As used herein, the word “unitary” means a component is created as a single piece or unit. That is, a component that includes pieces that are created separately and then coupled together as a unit is not a “unitary” component or body. As employed herein, the statement that two or more parts or components “engage” one another shall mean that the parts exert a force against one another either directly or through one or more intermediate parts or components. As employed herein, the term “number” shall mean one or an integer greater than one (i.e., a plurality).

Directional phrases used herein, such as, for example and without limitation, top, bottom, left, right, upper, lower, front, back, and derivatives thereof, relate to the orientation of the elements shown in the drawings and are not limiting upon the claims unless expressly recited therein.

FIG. 1 is a schematic illustration of a pressure support system 10 configured to provide pressure support to the airway of a subject 12. System 10 is configured to detect respiratory events and control the pressure support to generate a pulse of breathable gas for delivery to the airway of subject 12. The respiratory events may include airway obstruction (e.g., obstructive sleep apnea), and/or other respiratory events. The pulse may comprise a temporary bolus of breathable gas. The pulse may be delivered by system 10 as needed to open the airway of subject 12. The pulse of breathable gas is configured to open the airway of subject 12 before a subsequent inhalation.

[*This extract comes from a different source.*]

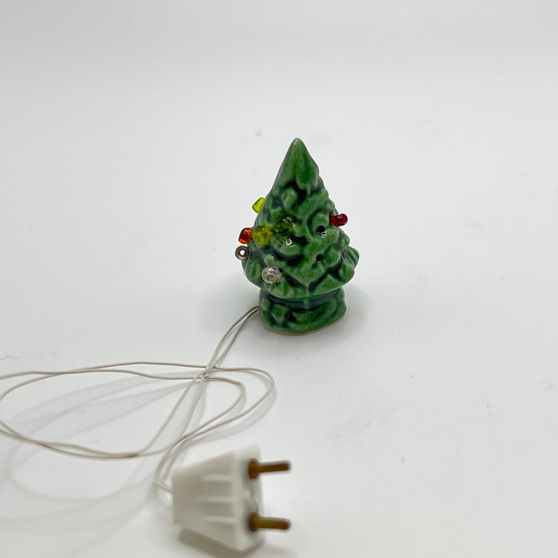 A unique ceramic Christmas tree that lit up.   It will add a very festive touch to your Holiday decor. 1 1/8" tall

Current positive airway pressure (e.g., CPAP, APAP, BiPAP) solutions for respiratory events such as obstructive sleep apnea may provide more pressure support than necessary to maintain an open airway. An airway may collapse at specific moments during sleep. Many times, it may only be necessary provide increased pressure to open the airway at the beginning of inhalation. Once air is flowing through the airway, airway collapse is less likely. There may be little or no need to maintain the same level of pressure after the beginning of inhalation. At the end of exhalation, pressure support provided by a typical PAP system may go unused by because there may be no inflow and/or outflow of air.

For example, FIG. 2 shows a flow rate profile 202 during a full breath. The flow rate increases 208 during inhalation 206, and then reverses direction 210 during exhalation 204. The relatively flat portion 200 of flow rate profile 202 at the end of exhalation 204 shows the lack of airflow at the end of exhalation 204.

Returning to FIG. 1, in some embodiments, system 10 comprises one or more of a pressure generator 14, a subject interface 16, one or more sensors 18, a processor 20, a user interface 22, electronic storage 24, and/or other components.

Pressure generator 14 is configured to generate a pressurized flow of breathable gas for delivery to the airway of subject 12. Pressure generator 14 may control one or more parameters of the flow of gas (e.g., flow rate, pressure, volume, temperature, duration, a timing, gas composition, etc.) for therapeutic purposes, and/or for other purposes. By way of a non-limiting example, pressure generator 14 may be configured to generate the pulse of breathable gas for delivery to the airway of subject 12. The pulse may have associated amplitude, period, timing, and/or other parameters.

Pressure generator 14 receives a flow of gas from a gas source, such as the ambient atmosphere, and elevates and/or reduces the pressure of that gas for delivery to the airway of a patient. Pressure generator 14 is any device, such as, for example, a pump, blower, piston, or bellows, that is capable of elevating and/or reducing the pressure of the received gas for delivery to a patient. Pressure generator 14 may comprise one or more valves for controlling the pressure and/or flow of gas, for example. The present disclosure also contemplates controlling the operating speed of the blower, either alone or in combination with such valves, to control the pressure and/or flow of gas provided to the patient.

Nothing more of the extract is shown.